Personally, that's what I do: Visual Studio Express 2010 for C# already works
beautifully on my debian Jessie if you don't use dual screens.

I have to look at 2015 or the regular ("Pro") version of previous versions of
Visual Studio, but there should be nothing unfixable.

By the way, if some good soul from Microsoft reads this and has a license to
spare for Visual Studio Pro 2010, I'd be happy to check it works just as well
:-) I have Microsoft Imagine but for some reason they don't give license for
old version of VS

If you want to try Visual Studio Express 2010 C# with wine, my recipe is just
below. (I have to submit it to the winetrick team one day)
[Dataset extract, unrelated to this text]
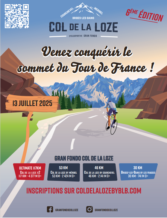 Les 12 et 13 juillet 2025, Brides-les-Bains organise de la 6ème édition de la cyclosportive « Gran Fond Col de la Loze ».

If you want to use external dlls, don't forget to start Visual Studio with the
prefix override WINEDLLOVERRIDES=fusion=n,ngen=n wine C:\\....\VCSE.exe

###### Devereaux recipe for VS2010 C# on wine 1.8

# basics

winetricks windowscodecs corefonts

winetricks dotnet20 dotnet40

# To download prerequisites ; to make the properies tab work ; to help some
tools

winetricks winhttp gdiplus mfc42

# To view help files

winetricks ie8_kb2936068

# Then simply install from publically availble ISO:

#
download.microsoft.com/download/1/E/5/1E5F1C0A-0D5B-426A-A603-1798B951DDAE/VS2010Express1.iso

wine /mnt/VCSExpress/Setup.exe

# NB: Refuse Silverlight and SQL as it may fail.

# Then if you want, you can install SP1 from publically available ISO: #
download.microsoft.com/download/E/B/A/EBA0A152-F426-47E6-9E3F-EFB686E3CA20/VS2010SP1dvd1.iso

wine /mnt/Setup.exe /passive

# NB: (must be passive, otherwise the splashscreen crashes)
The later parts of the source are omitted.